The rest of the suite (`CentralHealthAggregatorTests`, `SiteHealthCollectorTests`,
`HealthReportSenderTests` partially) was deliberately refactored to use the
injected `TimeProvider` precisely to avoid this. `CentralHealthReportLoop` and
`HealthReportSender` already accept a `TimeProvider`, but the loop's
`PeriodicTimer` is still real-time because `PeriodicTimer` does not consume
the `TimeProvider` parameter.
**Recommendation**
Either (a) accept the timing-sensitivity and bump the delay budget
generously, or (b) refactor the hosted-service loop to use a
`TimeProvider.CreateTimer`-based tick mechanism so the test can advance a
fake clock and assert deterministically how many ticks fire.
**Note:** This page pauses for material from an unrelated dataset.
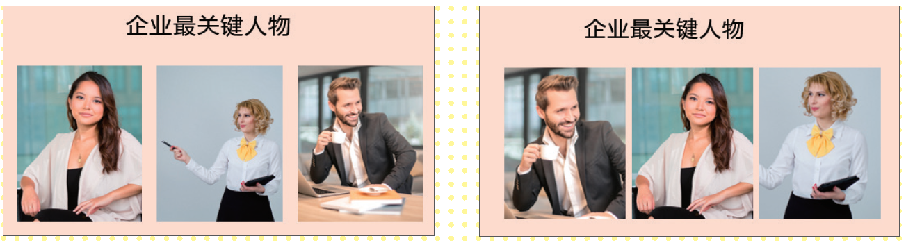 四、人物大小一致。人物大小不一致,不在同一水平线上时会造成视觉错乱,如下左图所示。下右图对图片进行裁剪,视觉干扰减少。
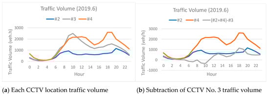 In Figure 12a, each traffic volume of CCTV No. 2, No. 3, and No. 4 is shown. When the traffic volume of CCTV No. 3 is subtracted from the total accumulated traffic volume of CCTV No. 2 and CCTV No. 4, the traffic volume curve (= No. 2 + No. 4 − No. 3) means the total traffic volume condition at the center among CCTV No. 2, No. 3, and No. 4. From Figure 12b, there is a large difference in traffic volume conditions at 10:00 and 18:00 to 20:00. These traffic volume changes cause traffic congestion conditions in the evening. From this analysis, some number of vehicle coming from CCTV No. 2 and No. 4 in the evening seems to stay around this location. There is no other information from this observation but it should have some reason for the evening traffic congestion. It is necessary to have on-site observation in future.

Option (b) is
the better long-term fix and matches the pattern used elsewhere in the
module's tests.
### HealthMonitoring-023 — `StoreAndForwardBufferDepths_IsEmptyPlaceholder` test name is stale; it now covers the default-state contract, not a placeholder
| | |
|--|--|
| Severity | Low |
| Category | Documentation & comments |
| Status | Open |
| Location | `tests/ScadaLink.HealthMonitoring.Tests/SiteHealthCollectorTests.cs:117-122` |
**Description**
The test `StoreAndForwardBufferDepths_IsEmptyPlaceholder` was originally named
to codify the HealthMonitoring-001 bug ("`SetStoreAndForwardDepths` has no
callers, so `StoreAndForwardBufferDepths` is always empty"). HealthMonitoring-001
is `Resolved``HealthReportSender` now populates per-category depths from
the S&F engine, and the same test class has `SetStoreAndForwardDepths_ReflectedInReport`
covering the populated path. The "placeholder" test still passes because it
constructs a fresh collector and never calls the setter, so its assertion
(`Assert.Empty(report.StoreAndForwardBufferDepths)`) is now testing the
**default empty state of an un-configured collector**. The HealthMonitoring-001
resolution note explicitly chose to keep it as "the collector-level
default-state test", but the test method name and the implied semantics no
longer match.
A maintainer reading the test name today will misread it as documentation that
the metric is unimplemented (which it isn't), and may waste time investigating
a non-bug.
**Recommendation**
Rename to `StoreAndForwardBufferDepths_DefaultsToEmpty_WhenSetterNotCalled`
(or similar) and update the test body's intent — purely a documentation /
maintainability fix; no behaviour change.